# TRY IT:
Transcribe the entries below word for word, beginning at the line with "A new tab will" and stopping after the line with "1회초 무사 2,3루"; drop all pictures.

((

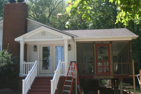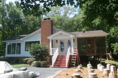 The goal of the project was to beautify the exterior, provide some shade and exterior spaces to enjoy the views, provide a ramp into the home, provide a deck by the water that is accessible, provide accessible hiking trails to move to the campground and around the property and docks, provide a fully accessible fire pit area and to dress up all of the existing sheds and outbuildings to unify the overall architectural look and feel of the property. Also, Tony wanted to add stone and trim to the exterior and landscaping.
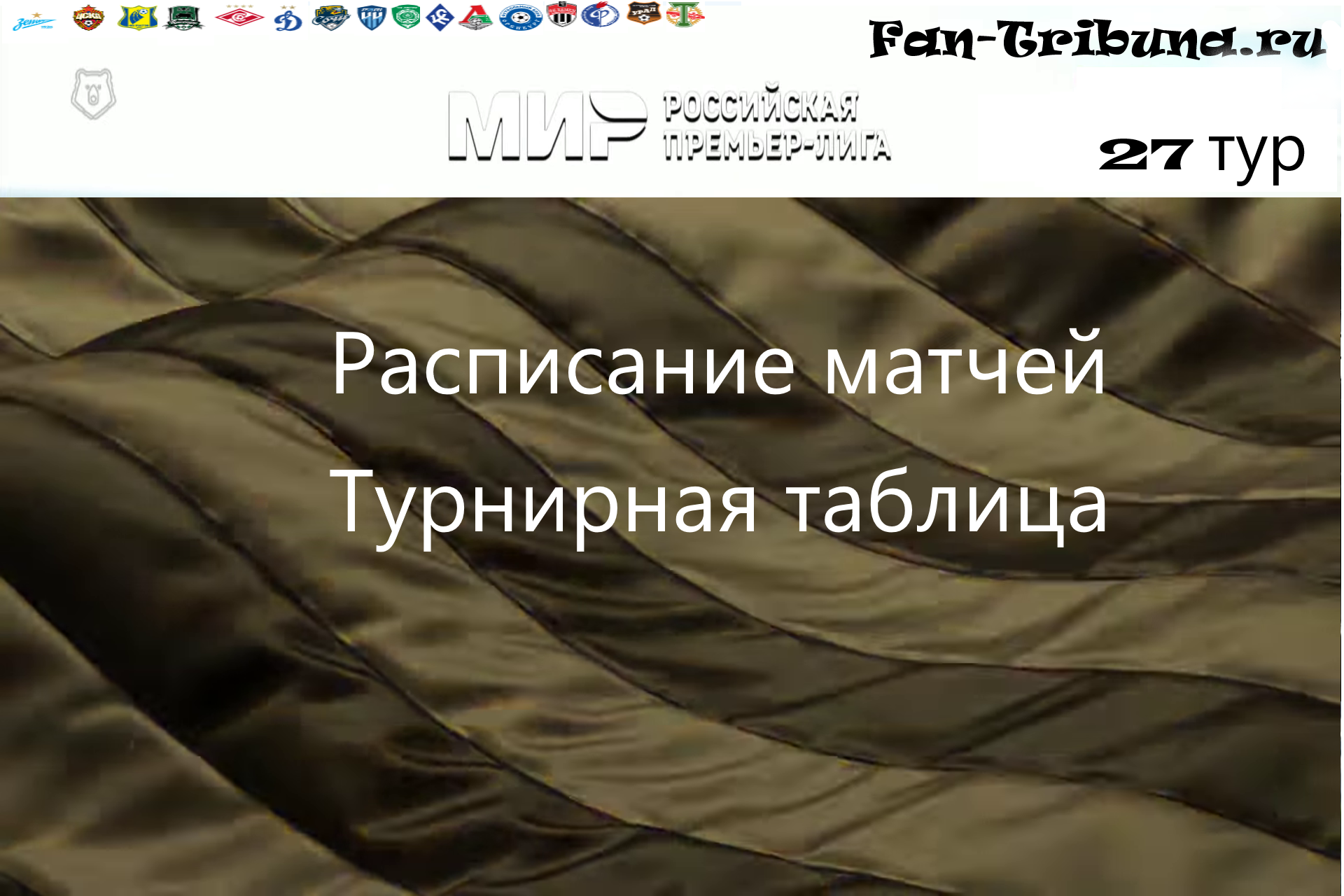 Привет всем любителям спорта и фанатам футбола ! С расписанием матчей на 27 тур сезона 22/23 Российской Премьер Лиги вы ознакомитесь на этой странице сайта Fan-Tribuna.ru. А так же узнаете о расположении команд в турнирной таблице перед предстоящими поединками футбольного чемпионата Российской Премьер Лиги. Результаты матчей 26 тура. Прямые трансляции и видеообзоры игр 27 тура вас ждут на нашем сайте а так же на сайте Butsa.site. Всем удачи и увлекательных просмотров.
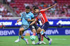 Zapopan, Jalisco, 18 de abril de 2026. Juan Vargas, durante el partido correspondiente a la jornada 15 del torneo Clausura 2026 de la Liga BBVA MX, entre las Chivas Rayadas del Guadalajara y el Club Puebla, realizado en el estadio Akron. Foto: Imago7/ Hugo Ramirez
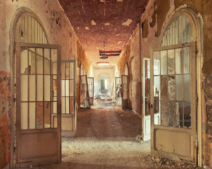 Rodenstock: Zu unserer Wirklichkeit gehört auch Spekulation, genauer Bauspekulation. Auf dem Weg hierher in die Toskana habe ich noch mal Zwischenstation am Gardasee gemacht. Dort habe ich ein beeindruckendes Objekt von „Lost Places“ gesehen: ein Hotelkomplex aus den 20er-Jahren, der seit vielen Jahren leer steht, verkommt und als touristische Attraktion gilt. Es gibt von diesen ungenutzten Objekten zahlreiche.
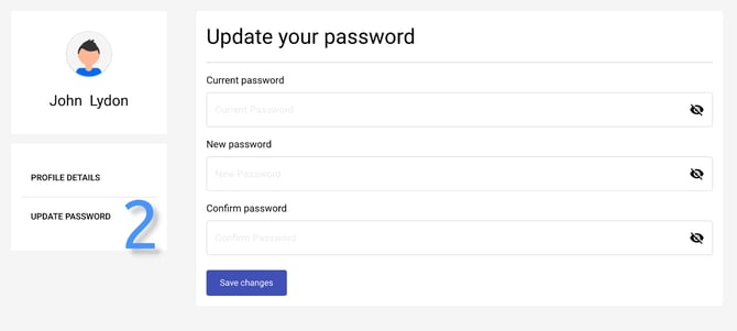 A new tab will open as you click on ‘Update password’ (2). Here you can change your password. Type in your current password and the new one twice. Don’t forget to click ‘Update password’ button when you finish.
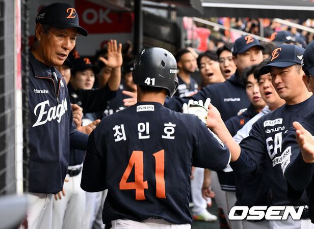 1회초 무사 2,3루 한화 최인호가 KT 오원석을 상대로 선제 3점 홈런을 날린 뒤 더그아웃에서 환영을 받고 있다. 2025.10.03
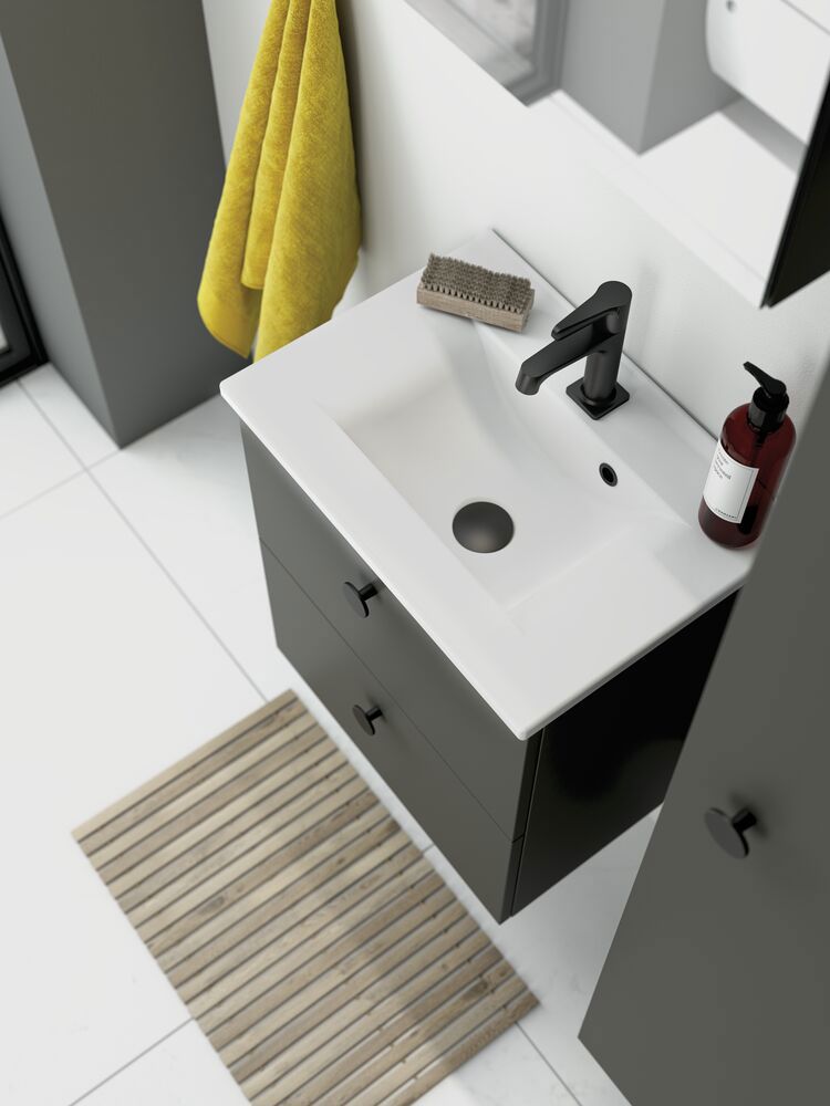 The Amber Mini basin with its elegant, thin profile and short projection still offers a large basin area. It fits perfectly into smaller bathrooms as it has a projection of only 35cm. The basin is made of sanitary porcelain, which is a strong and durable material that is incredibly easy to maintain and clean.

))

# ANSWER:
 A new tab will open as you click on ‘Update password’ (2). Here you can change your password. Type in your current password and the new one twice. Don’t forget to click ‘Update password’ button when you finish.
 1회초 무사 2,3루 한화 최인호가 KT 오원석을 상대로 선제 3점 홈런을 날린 뒤 더그아웃에서 환영을 받고 있다. 2025.10.03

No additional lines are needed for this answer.